Task instructions: Below are records to be copied exactly; their pictures are to be omitted.

Data section:
*** Block opens ***

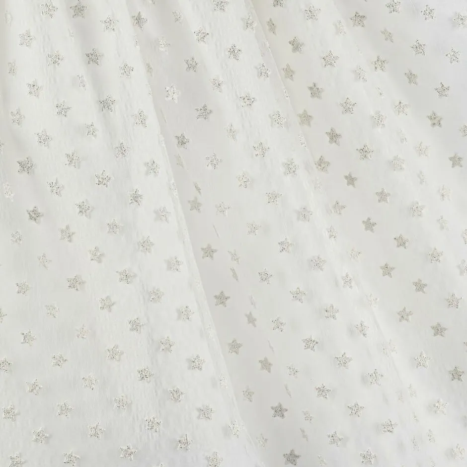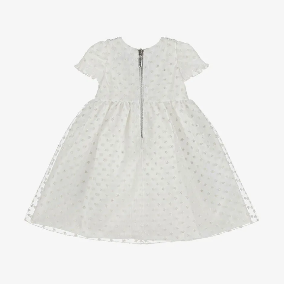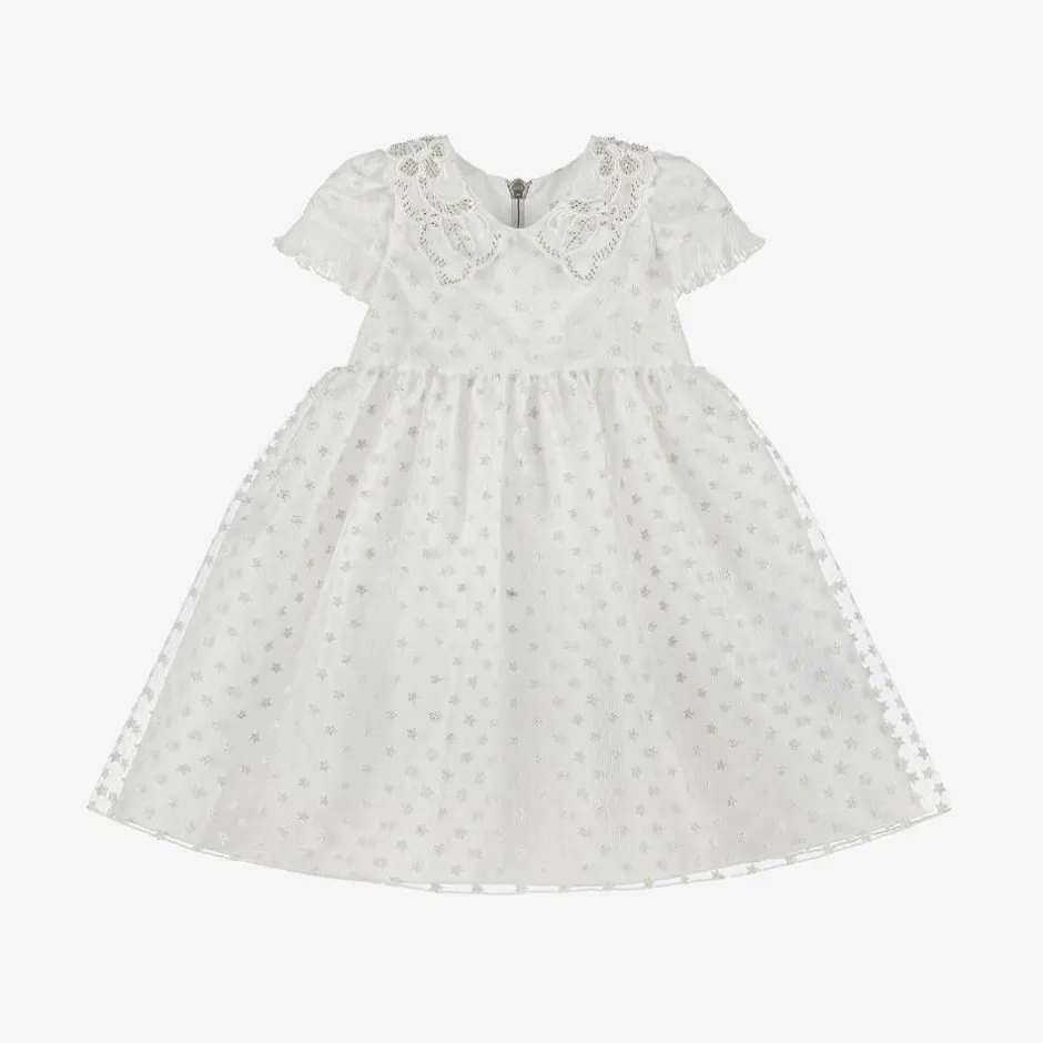 A beautiful white dress for baby girls by Spanish brand Graci, ideal for special occasions. Covered with glittery stars, this pretty design has embroidered flowers and silver beaded detailing on the scalloped collar. The bow-shaped brooch on the neckline has a detachable pin fastening and diamanté embellishments for extra sparkle. There are pleated frills on the short sleeves and an exposed silver zip on the back. The fabric has a fine net structure and is lined with silky smooth material and a layer of cotton for a comfortable feel next to the skin.
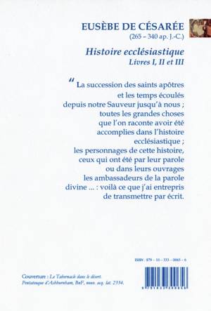 La succession des saints apôtres et les temps écoulés depuis notre Sauveur jusqu'à nous ; toutes les grandes choses que l'on raconte avoir été accomplies dans l'histoire ecclésiastique ; les personnages de cette histoire, ceux qui ont été par leur parole ou dans leurs ouvrages les ambassadeurs de la parole divine ... : voilà ce que j'ai entrepris de transmettre par écrit.
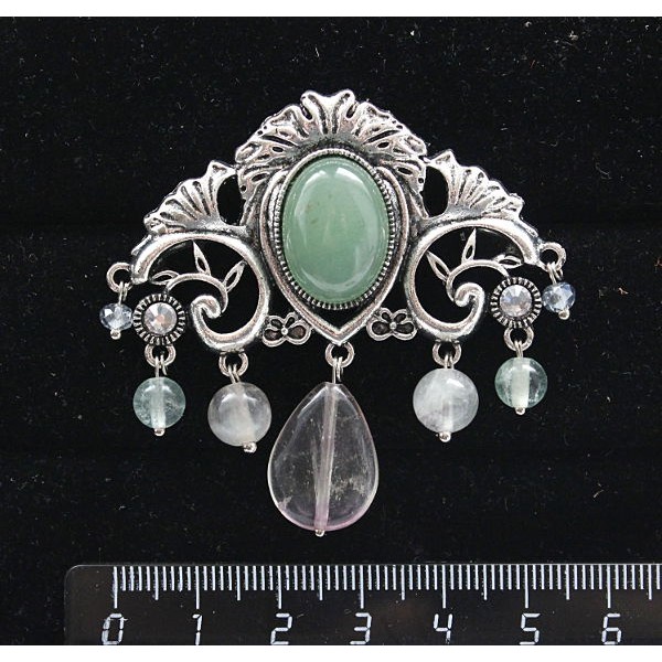 Брошь из флюорита "трюмо", овал 18х13мм, со стразами и подвесками из флюорита
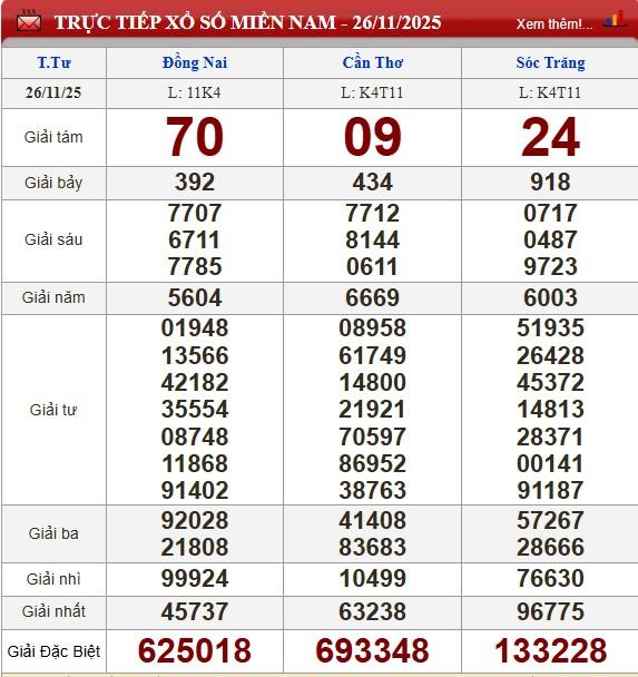 Kết quả xổ số miền Nam (XSMN) hôm nay ngày 26/11
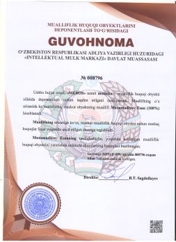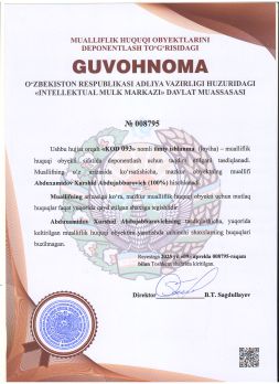 527 | №008795 | Ilmiy ishlanma (loyiha) – "KOD 093" | Abduxamidov Xurshid Abdujabbarovich (100%) | Abduxamidov Xurshid Abdujabbarovich | 04/09/2025 | ![]() |

*** Block closes ***

Problem solution:
 A beautiful white dress for baby girls by Spanish brand Graci, ideal for special occasions. Covered with glittery stars, this pretty design has embroidered flowers and silver beaded detailing on the scalloped collar. The bow-shaped brooch on the neckline has a detachable pin fastening and diamanté embellishments for extra sparkle. There are pleated frills on the short sleeves and an exposed silver zip on the back. The fabric has a fine net structure and is lined with silky smooth material and a layer of cotton for a comfortable feel next to the skin.
 La succession des saints apôtres et les temps écoulés depuis notre Sauveur jusqu'à nous ; toutes les grandes choses que l'on raconte avoir été accomplies dans l'histoire ecclésiastique ; les personnages de cette histoire, ceux qui ont été par leur parole ou dans leurs ouvrages les ambassadeurs de la parole divine ... : voilà ce que j'ai entrepris de transmettre par écrit.
 Брошь из флюорита "трюмо", овал 18х13мм, со стразами и подвесками из флюорита
 Kết quả xổ số miền Nam (XSMN) hôm nay ngày 26/11
 527 | №008795 | Ilmiy ishlanma (loyiha) – "KOD 093" | Abduxamidov Xurshid Abdujabbarovich (100%) | Abduxamidov Xurshid Abdujabbarovich | 04/09/2025 | ![]() |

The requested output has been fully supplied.